- [Try it]: From the line containing "大家好,跳跳为你解答以上问题" to the last line of the data, both included, transcribe each line exactly, leaving out pictures and adding nothing.

- [Given material]:
■ ■ ■
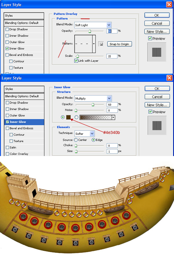 Apply inner glow and pattern overlay layer styles in layer "rope".
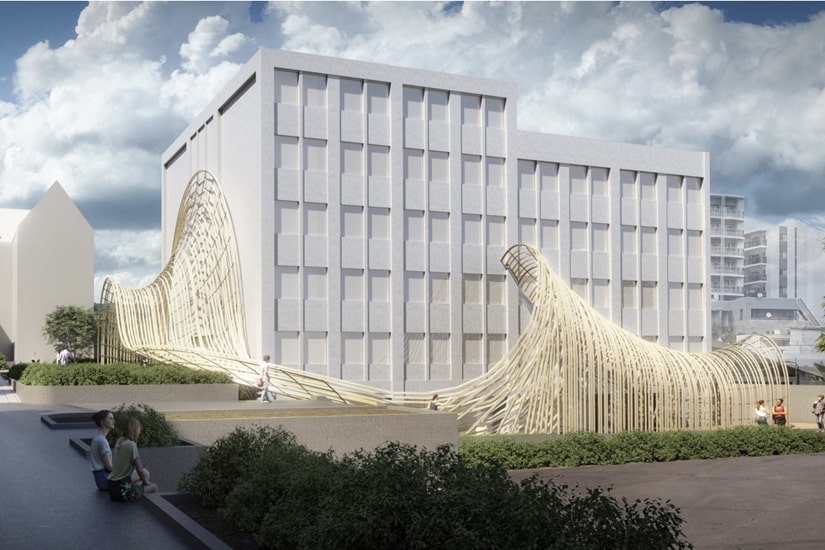 同樣出自隈研吾的設計!日本關東「角川武藏野博物館」集合圖書館、美術館與博物館於一身,其外型設計由多達 20,000 片不同色澤的花崗岩所砌成,打造出有如巨型石頭般的不規則多面體。走進其中,視覺效果同樣震撼!
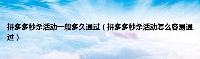 大家好,跳跳为你解答以上问题。拼多多秒杀活动一般多久通过,拼多多秒杀活动怎么容易通过这个问题很多人还不知道,现在让我们一起来看看吧!
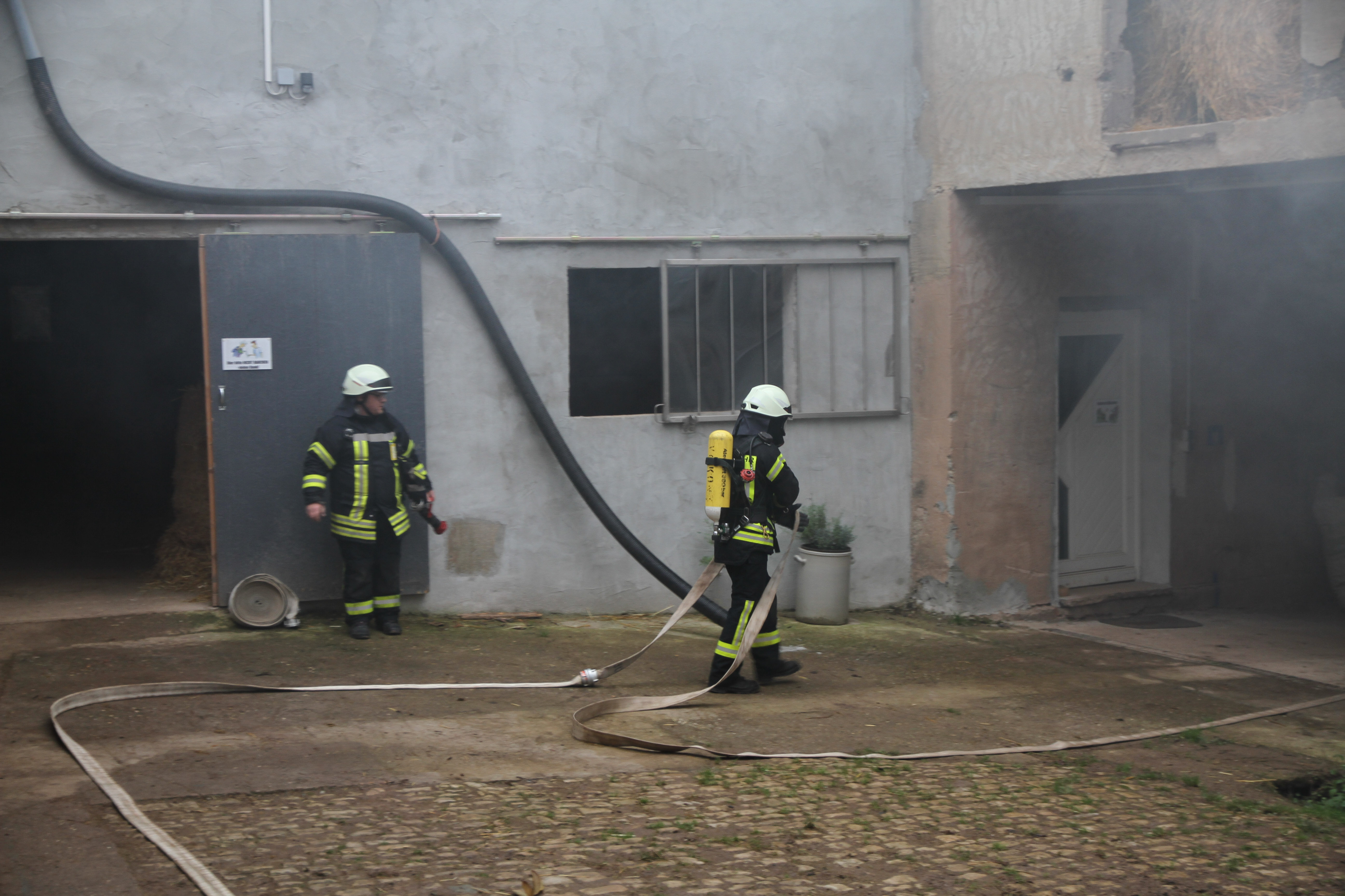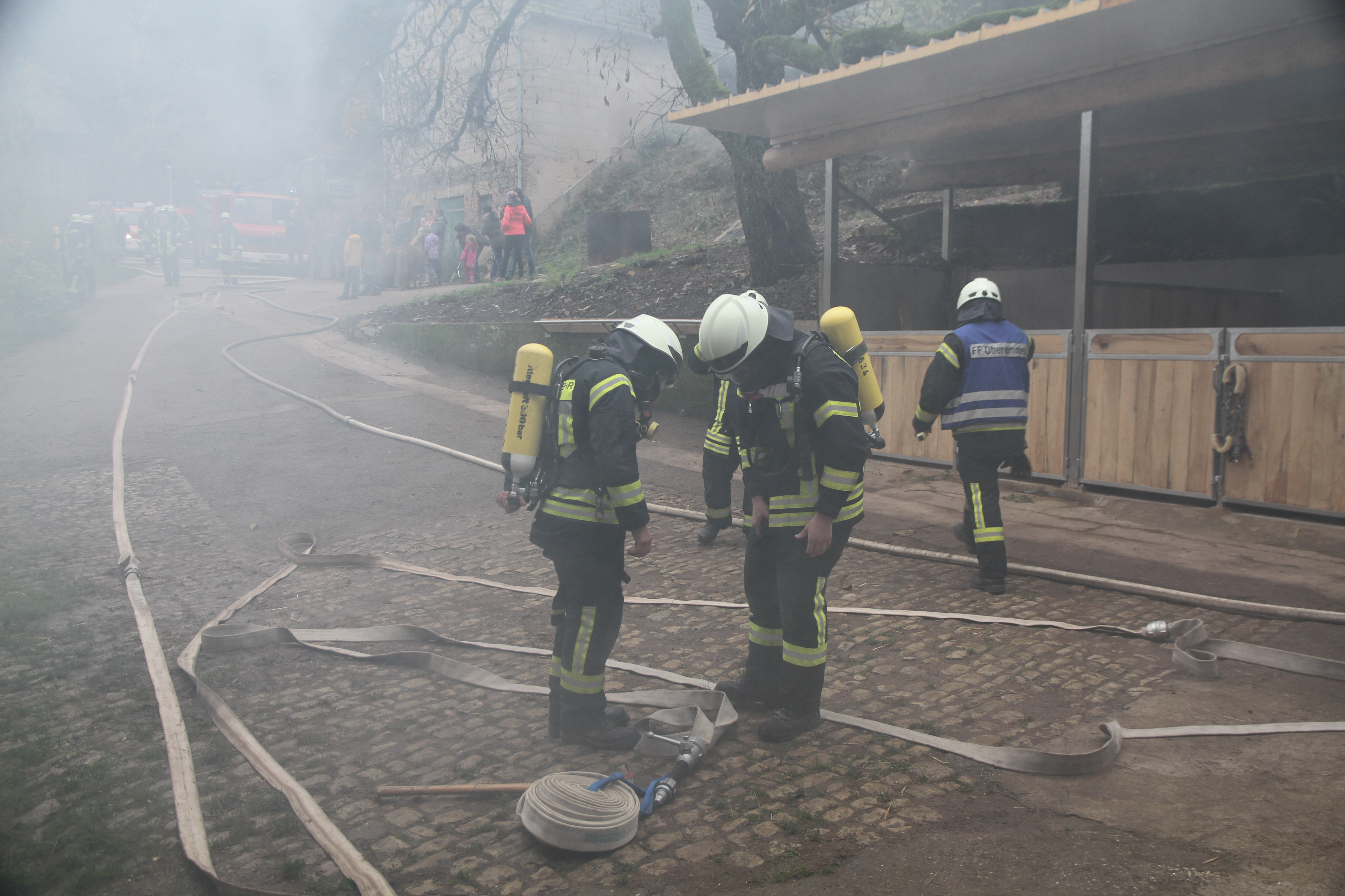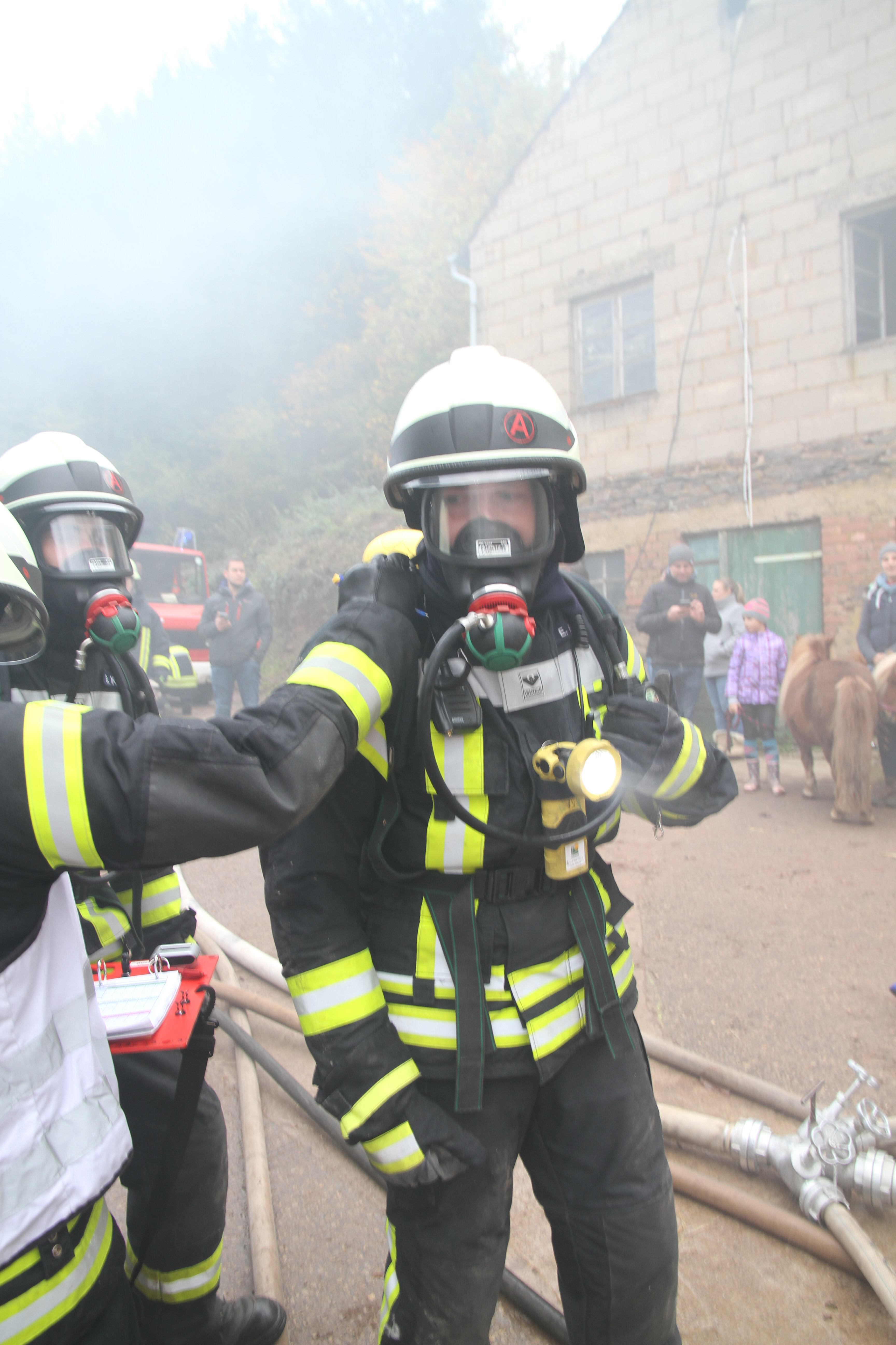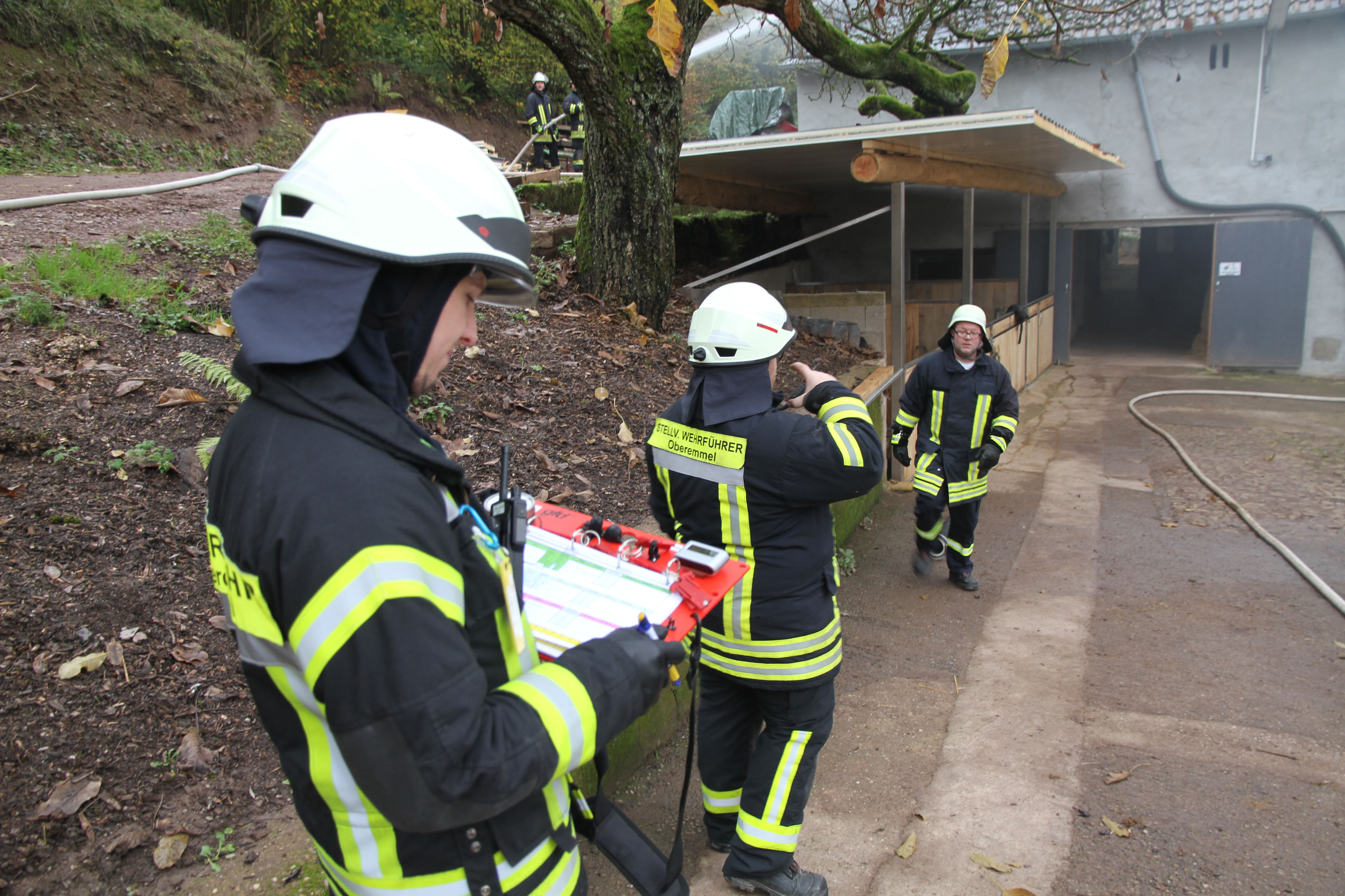 Die erst eintreffendem Einsatzkräfte bei dieser Jahreshauptübung stellten sowohl im Nebentrakt eines Stallgebäudes sowie im Hauptgebäude eine starke Rauchentwicklung fest. Nach Angaben des Betreibers der Pferdepension Ivanka Bernardy befinden sich ungefähr fünf Personen im Hauptgebäude. Noch bevor die Wasserversorgung von einem 1,5 km entfernten Niederflur Hydranten von den nachrückenden Einsatzkräften aufgebaut wurde, konnten einige Kleinpferde aus dem Stallgebäude gerettet werden.
■ ■ ■
- [Completed exercise]:
 大家好,跳跳为你解答以上问题。拼多多秒杀活动一般多久通过,拼多多秒杀活动怎么容易通过这个问题很多人还不知道,现在让我们一起来看看吧!
 Die erst eintreffendem Einsatzkräfte bei dieser Jahreshauptübung stellten sowohl im Nebentrakt eines Stallgebäudes sowie im Hauptgebäude eine starke Rauchentwicklung fest. Nach Angaben des Betreibers der Pferdepension Ivanka Bernardy befinden sich ungefähr fünf Personen im Hauptgebäude. Noch bevor die Wasserversorgung von einem 1,5 km entfernten Niederflur Hydranten von den nachrückenden Einsatzkräften aufgebaut wurde, konnten einige Kleinpferde aus dem Stallgebäude gerettet werden.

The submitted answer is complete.